──────── DATA SHOWN ────────

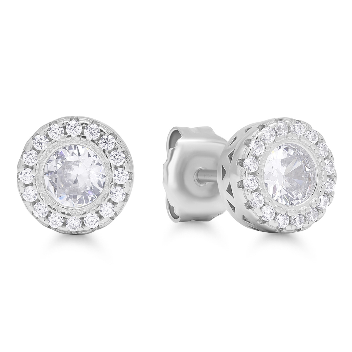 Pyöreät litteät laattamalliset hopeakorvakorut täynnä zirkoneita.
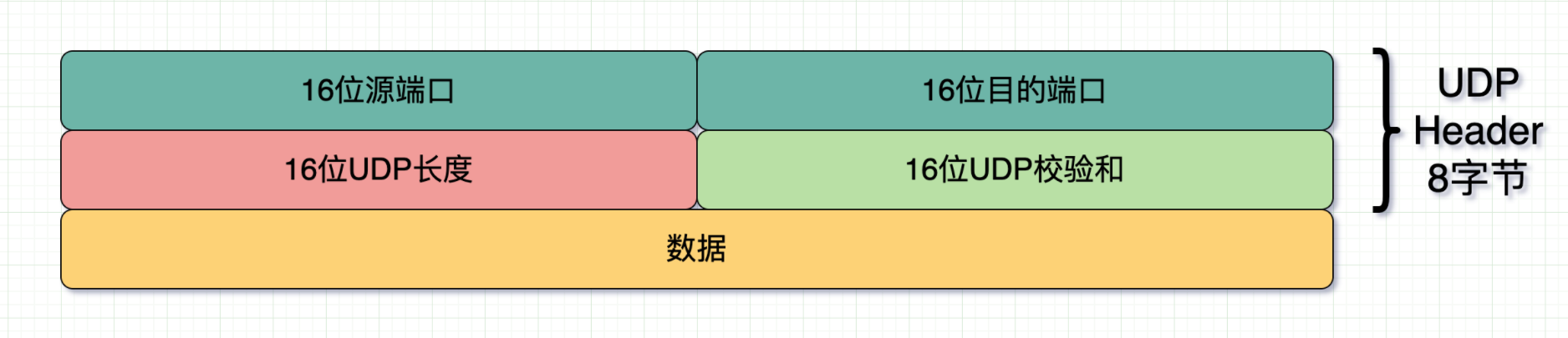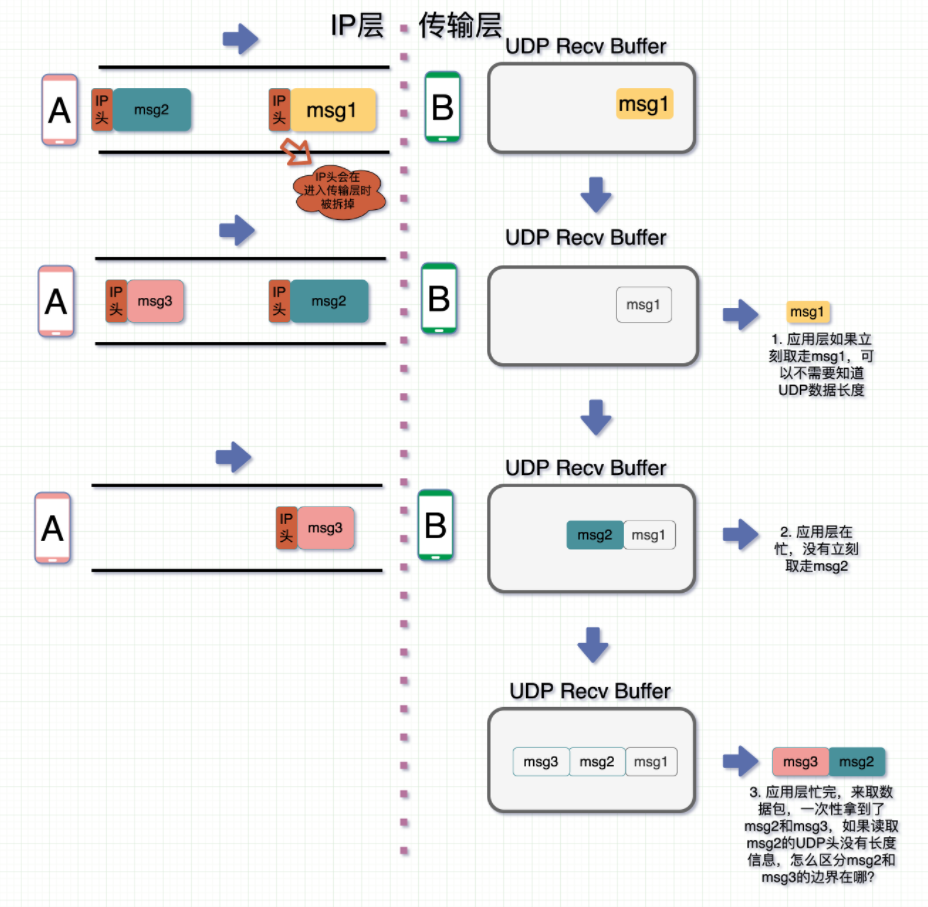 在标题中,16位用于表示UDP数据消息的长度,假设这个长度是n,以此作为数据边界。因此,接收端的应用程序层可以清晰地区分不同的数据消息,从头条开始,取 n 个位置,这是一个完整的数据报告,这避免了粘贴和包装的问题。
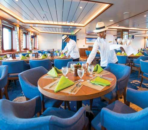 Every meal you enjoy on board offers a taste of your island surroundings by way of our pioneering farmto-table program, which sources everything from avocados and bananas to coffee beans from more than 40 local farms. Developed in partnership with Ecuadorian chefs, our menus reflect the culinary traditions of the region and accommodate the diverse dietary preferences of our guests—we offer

────────

ABOUT THIS TASK:
The answer must be the full listing retyped exactly, with no pictures in it.

EXERCISE SOLUTION:
 Pyöreät litteät laattamalliset hopeakorvakorut täynnä zirkoneita.
 在标题中,16位用于表示UDP数据消息的长度,假设这个长度是n,以此作为数据边界。因此,接收端的应用程序层可以清晰地区分不同的数据消息,从头条开始,取 n 个位置,这是一个完整的数据报告,这避免了粘贴和包装的问题。
 Every meal you enjoy on board offers a taste of your island surroundings by way of our pioneering farmto-table program, which sources everything from avocados and bananas to coffee beans from more than 40 local farms. Developed in partnership with Ecuadorian chefs, our menus reflect the culinary traditions of the region and accommodate the diverse dietary preferences of our guests—we offer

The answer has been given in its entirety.